-- TASK STATEMENT --
Would you retype the whole listing exactly, leaving its pictures out?

-- SUPPLIED DATA --

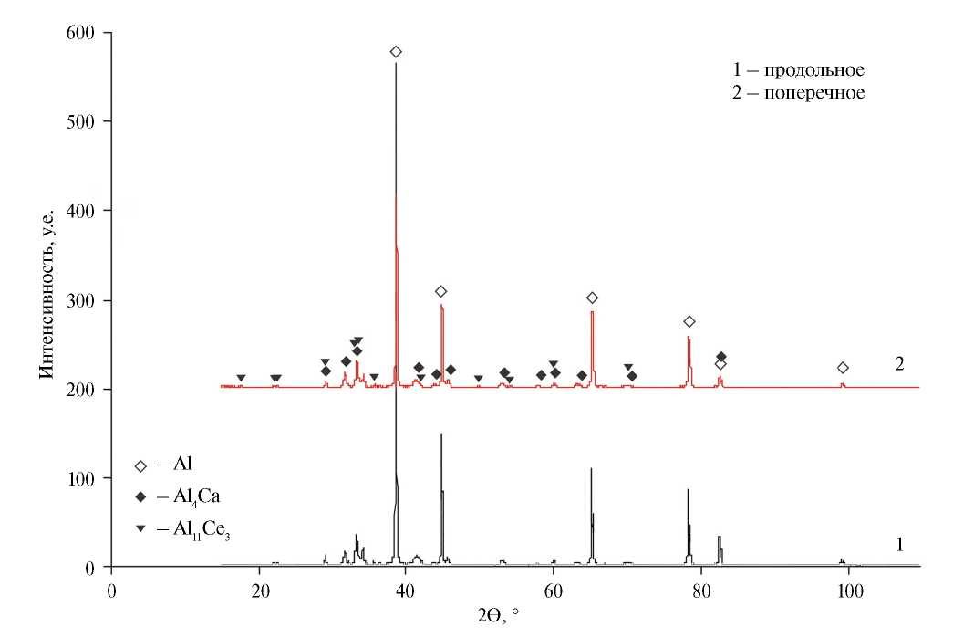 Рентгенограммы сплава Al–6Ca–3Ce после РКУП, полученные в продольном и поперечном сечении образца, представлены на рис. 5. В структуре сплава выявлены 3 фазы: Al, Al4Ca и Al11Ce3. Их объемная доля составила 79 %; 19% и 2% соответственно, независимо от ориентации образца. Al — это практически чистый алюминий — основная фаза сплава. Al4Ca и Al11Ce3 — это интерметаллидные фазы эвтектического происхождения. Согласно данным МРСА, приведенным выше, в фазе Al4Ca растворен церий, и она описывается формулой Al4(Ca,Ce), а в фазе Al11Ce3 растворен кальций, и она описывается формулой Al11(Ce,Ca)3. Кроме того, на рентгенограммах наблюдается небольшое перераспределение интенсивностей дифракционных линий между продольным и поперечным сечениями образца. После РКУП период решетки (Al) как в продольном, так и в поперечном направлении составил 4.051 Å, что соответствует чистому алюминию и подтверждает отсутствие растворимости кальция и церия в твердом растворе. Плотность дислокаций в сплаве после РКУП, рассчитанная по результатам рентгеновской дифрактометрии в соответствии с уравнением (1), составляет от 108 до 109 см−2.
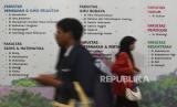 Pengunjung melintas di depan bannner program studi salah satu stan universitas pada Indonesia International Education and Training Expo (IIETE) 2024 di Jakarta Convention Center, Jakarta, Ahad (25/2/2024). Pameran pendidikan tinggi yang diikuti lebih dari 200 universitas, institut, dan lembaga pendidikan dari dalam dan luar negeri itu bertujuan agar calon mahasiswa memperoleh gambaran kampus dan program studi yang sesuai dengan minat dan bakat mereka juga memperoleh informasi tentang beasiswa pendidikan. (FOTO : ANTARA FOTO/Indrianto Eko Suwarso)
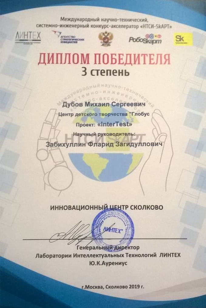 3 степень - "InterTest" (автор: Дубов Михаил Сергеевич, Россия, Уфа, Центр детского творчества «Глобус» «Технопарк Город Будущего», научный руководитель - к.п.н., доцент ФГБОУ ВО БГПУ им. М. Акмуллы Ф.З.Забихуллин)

-- RESPONSE BELOW --
 Рентгенограммы сплава Al–6Ca–3Ce после РКУП, полученные в продольном и поперечном сечении образца, представлены на рис. 5. В структуре сплава выявлены 3 фазы: Al, Al4Ca и Al11Ce3. Их объемная доля составила 79 %; 19% и 2% соответственно, независимо от ориентации образца. Al — это практически чистый алюминий — основная фаза сплава. Al4Ca и Al11Ce3 — это интерметаллидные фазы эвтектического происхождения. Согласно данным МРСА, приведенным выше, в фазе Al4Ca растворен церий, и она описывается формулой Al4(Ca,Ce), а в фазе Al11Ce3 растворен кальций, и она описывается формулой Al11(Ce,Ca)3. Кроме того, на рентгенограммах наблюдается небольшое перераспределение интенсивностей дифракционных линий между продольным и поперечным сечениями образца. После РКУП период решетки (Al) как в продольном, так и в поперечном направлении составил 4.051 Å, что соответствует чистому алюминию и подтверждает отсутствие растворимости кальция и церия в твердом растворе. Плотность дислокаций в сплаве после РКУП, рассчитанная по результатам рентгеновской дифрактометрии в соответствии с уравнением (1), составляет от 108 до 109 см−2.
 Pengunjung melintas di depan bannner program studi salah satu stan universitas pada Indonesia International Education and Training Expo (IIETE) 2024 di Jakarta Convention Center, Jakarta, Ahad (25/2/2024). Pameran pendidikan tinggi yang diikuti lebih dari 200 universitas, institut, dan lembaga pendidikan dari dalam dan luar negeri itu bertujuan agar calon mahasiswa memperoleh gambaran kampus dan program studi yang sesuai dengan minat dan bakat mereka juga memperoleh informasi tentang beasiswa pendidikan. (FOTO : ANTARA FOTO/Indrianto Eko Suwarso)
 3 степень - "InterTest" (автор: Дубов Михаил Сергеевич, Россия, Уфа, Центр детского творчества «Глобус» «Технопарк Город Будущего», научный руководитель - к.п.н., доцент ФГБОУ ВО БГПУ им. М. Акмуллы Ф.З.Забихуллин)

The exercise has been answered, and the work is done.